Given data below:

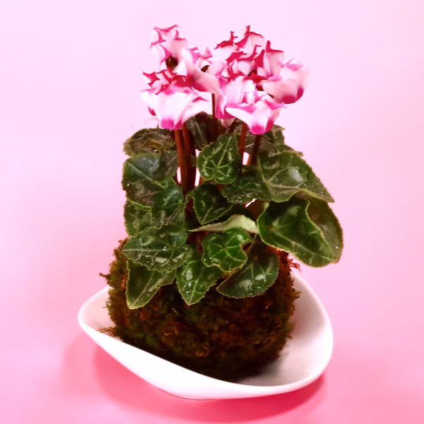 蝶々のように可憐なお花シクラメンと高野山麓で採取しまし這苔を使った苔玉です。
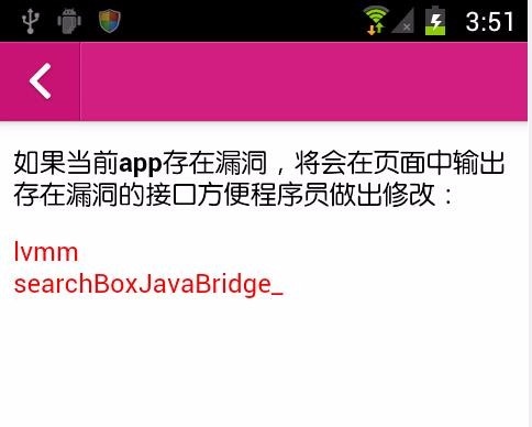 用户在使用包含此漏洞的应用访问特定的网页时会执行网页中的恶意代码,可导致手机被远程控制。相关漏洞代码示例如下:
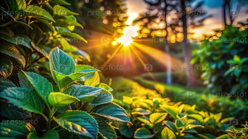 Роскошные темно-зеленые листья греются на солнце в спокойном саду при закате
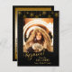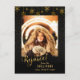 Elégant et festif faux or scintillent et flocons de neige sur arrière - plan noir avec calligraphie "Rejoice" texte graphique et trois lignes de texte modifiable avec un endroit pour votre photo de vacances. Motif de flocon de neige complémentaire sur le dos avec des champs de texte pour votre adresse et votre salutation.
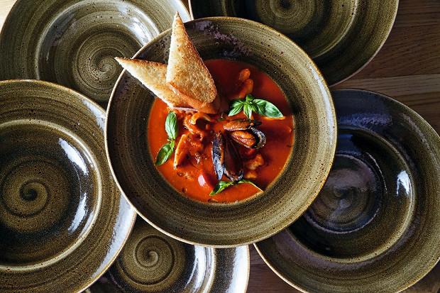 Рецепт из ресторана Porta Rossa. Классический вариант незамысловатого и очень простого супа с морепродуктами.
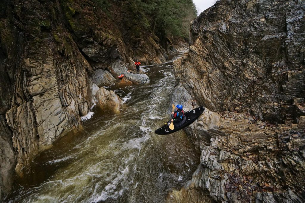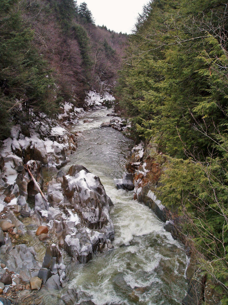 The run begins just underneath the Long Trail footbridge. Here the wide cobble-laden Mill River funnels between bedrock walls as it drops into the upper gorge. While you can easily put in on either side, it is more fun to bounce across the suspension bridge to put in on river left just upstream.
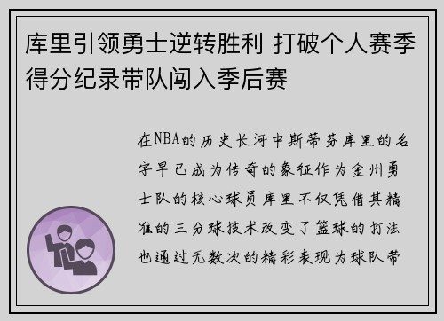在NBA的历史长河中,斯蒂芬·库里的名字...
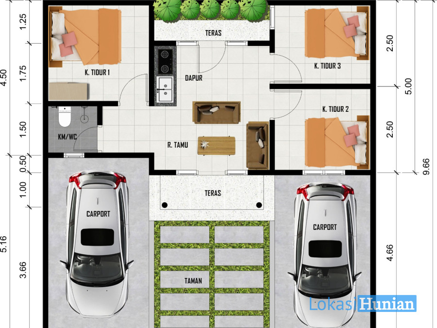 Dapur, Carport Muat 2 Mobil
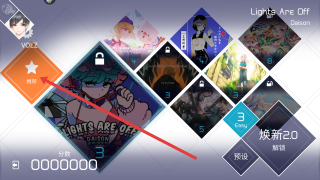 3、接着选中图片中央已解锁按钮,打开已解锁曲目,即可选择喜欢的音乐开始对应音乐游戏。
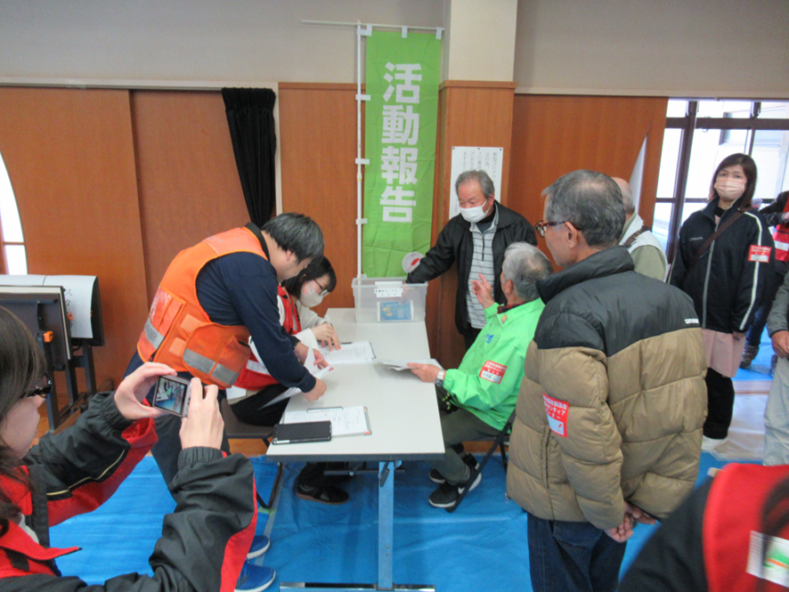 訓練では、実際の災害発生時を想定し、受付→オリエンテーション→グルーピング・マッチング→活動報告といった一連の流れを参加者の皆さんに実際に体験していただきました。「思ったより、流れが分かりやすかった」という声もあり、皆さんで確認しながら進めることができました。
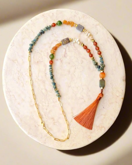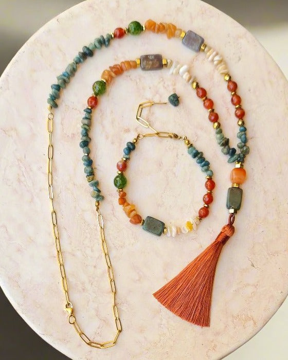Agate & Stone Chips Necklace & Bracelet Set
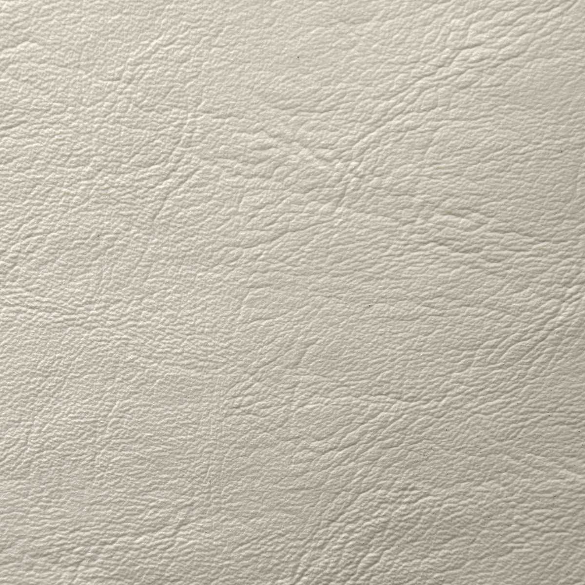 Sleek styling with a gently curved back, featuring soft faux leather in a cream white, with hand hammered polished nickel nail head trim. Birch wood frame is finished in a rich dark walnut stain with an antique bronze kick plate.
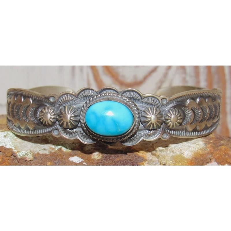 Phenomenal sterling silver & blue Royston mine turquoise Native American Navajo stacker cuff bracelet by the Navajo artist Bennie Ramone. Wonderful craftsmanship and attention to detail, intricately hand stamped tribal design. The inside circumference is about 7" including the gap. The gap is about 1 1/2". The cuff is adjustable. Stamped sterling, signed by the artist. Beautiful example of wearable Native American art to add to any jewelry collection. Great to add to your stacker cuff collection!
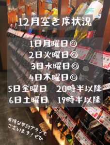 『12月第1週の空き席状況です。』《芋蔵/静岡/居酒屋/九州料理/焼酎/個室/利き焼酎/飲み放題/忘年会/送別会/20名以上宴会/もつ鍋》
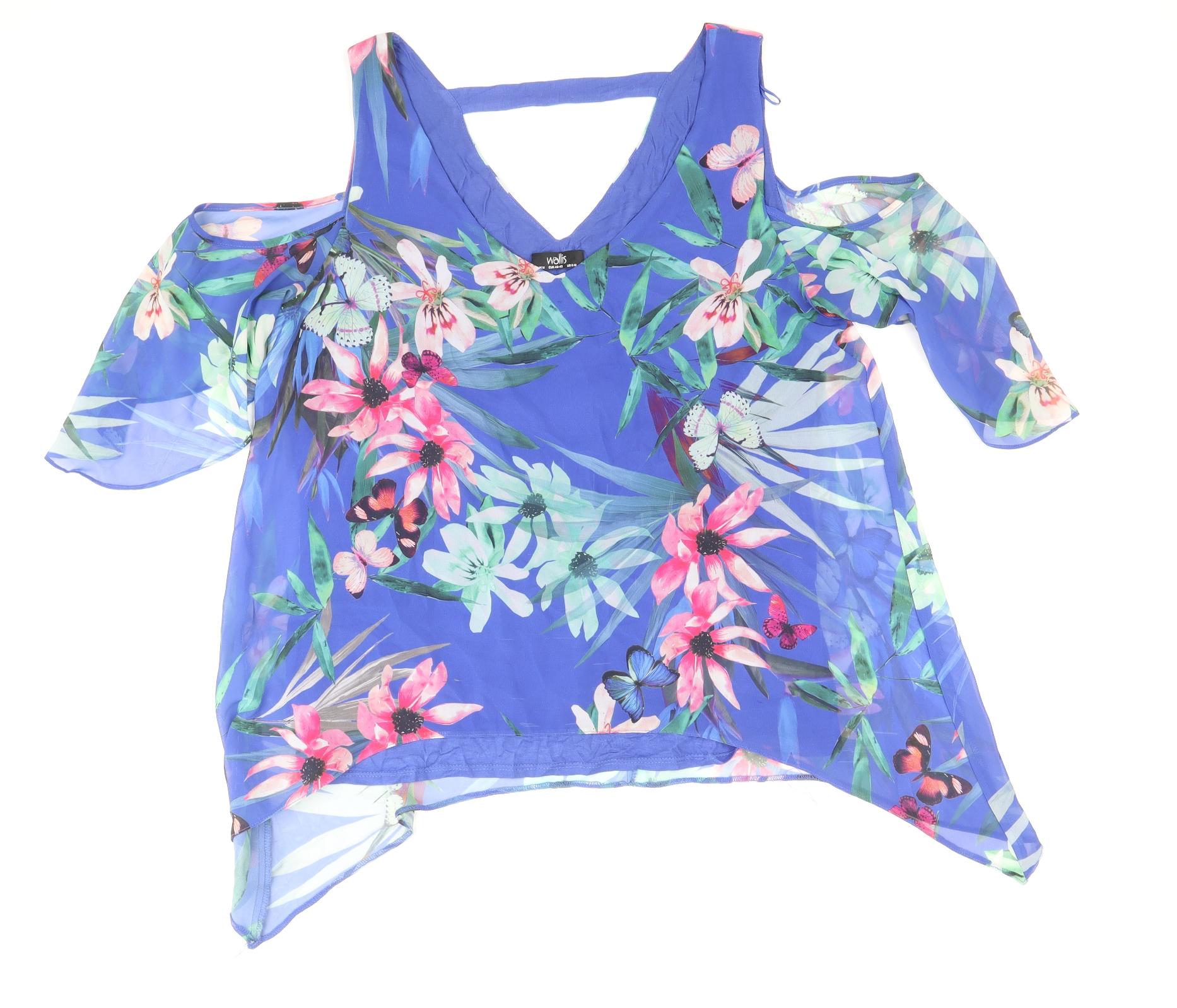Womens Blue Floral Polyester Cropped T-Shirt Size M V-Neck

End of Given data.
Given data below:

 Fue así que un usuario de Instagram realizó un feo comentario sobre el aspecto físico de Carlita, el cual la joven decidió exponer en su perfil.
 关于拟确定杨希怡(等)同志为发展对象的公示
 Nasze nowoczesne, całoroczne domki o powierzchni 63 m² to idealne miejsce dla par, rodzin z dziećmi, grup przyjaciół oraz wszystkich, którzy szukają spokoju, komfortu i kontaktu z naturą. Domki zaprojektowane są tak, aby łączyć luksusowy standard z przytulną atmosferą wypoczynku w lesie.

End of Given data.
Given data below:

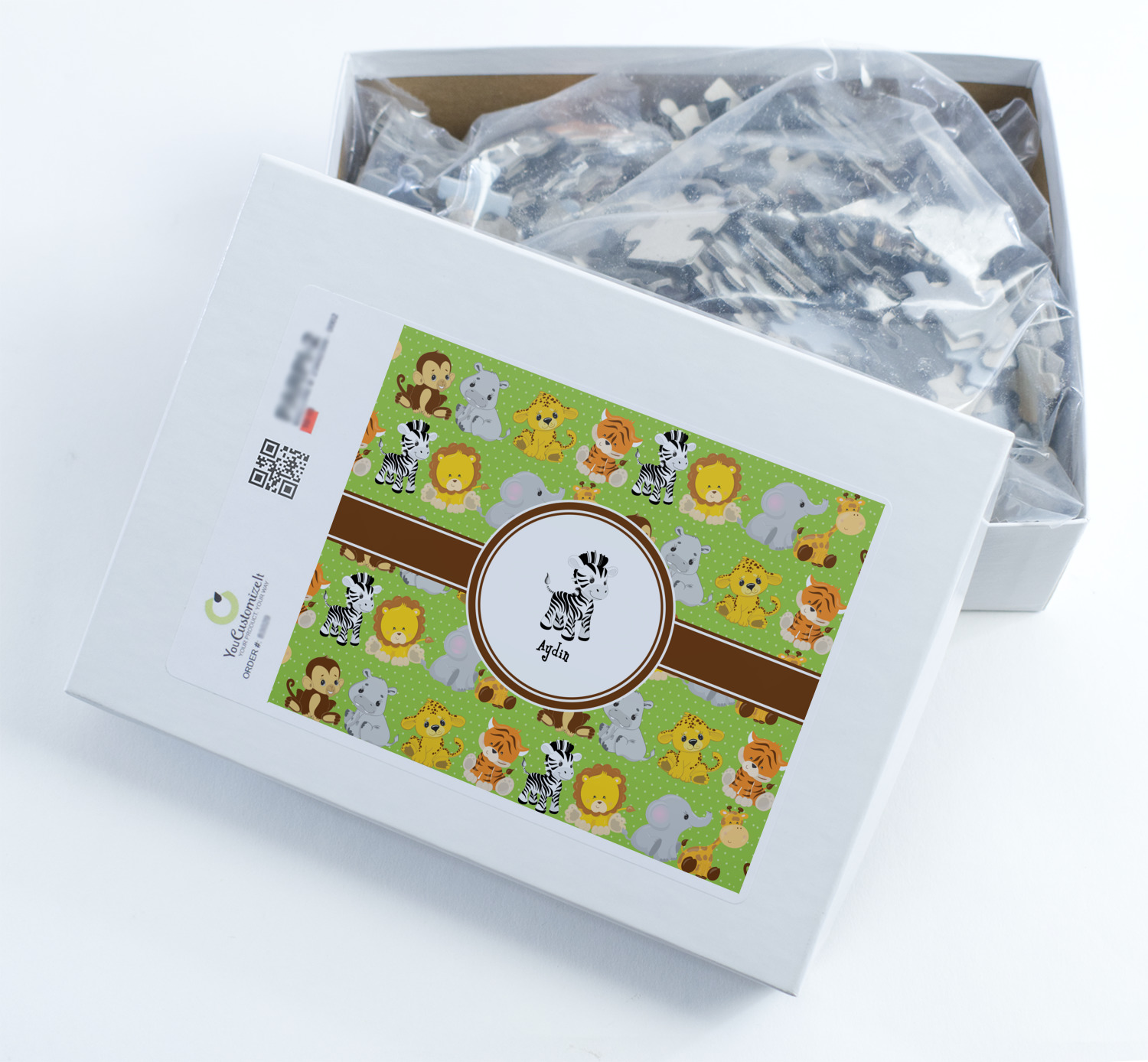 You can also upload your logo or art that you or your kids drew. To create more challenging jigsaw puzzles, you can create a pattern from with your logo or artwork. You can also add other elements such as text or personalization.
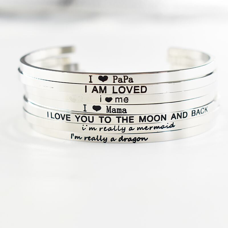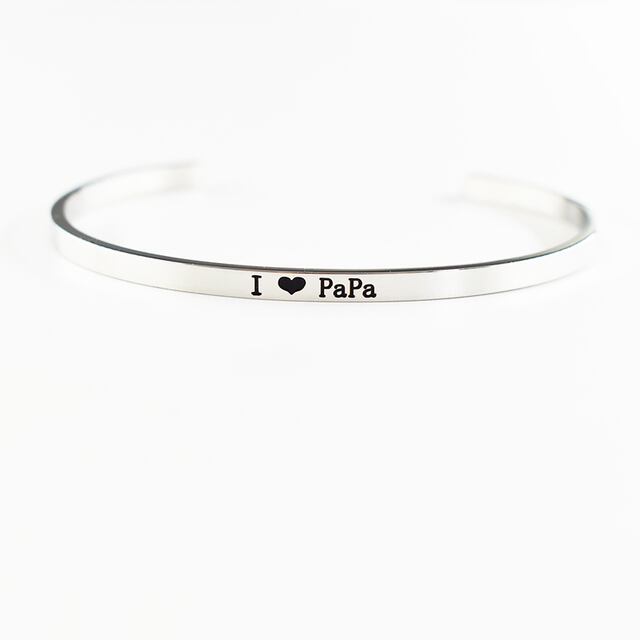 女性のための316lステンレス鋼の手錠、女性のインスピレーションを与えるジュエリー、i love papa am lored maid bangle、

End of Given data.

- [Activity]: For this exercise, set down the lines in the entries above from the one with "蝶々のように可憐なお花シクラメンと高野山麓で採取しまし這苔を使った苔玉です。" through the one with "Рецепт из ресторана" exactly as written, without any pictures.

- [Exercise result]:
 蝶々のように可憐なお花シクラメンと高野山麓で採取しまし這苔を使った苔玉です。
 用户在使用包含此漏洞的应用访问特定的网页时会执行网页中的恶意代码,可导致手机被远程控制。相关漏洞代码示例如下:
 Роскошные темно-зеленые листья греются на солнце в спокойном саду при закате
 Elégant et festif faux or scintillent et flocons de neige sur arrière - plan noir avec calligraphie "Rejoice" texte graphique et trois lignes de texte modifiable avec un endroit pour votre photo de vacances. Motif de flocon de neige complémentaire sur le dos avec des champs de texte pour votre adresse et votre salutation.
 Рецепт из ресторана Porta Rossa. Классический вариант незамысловатого и очень простого супа с морепродуктами.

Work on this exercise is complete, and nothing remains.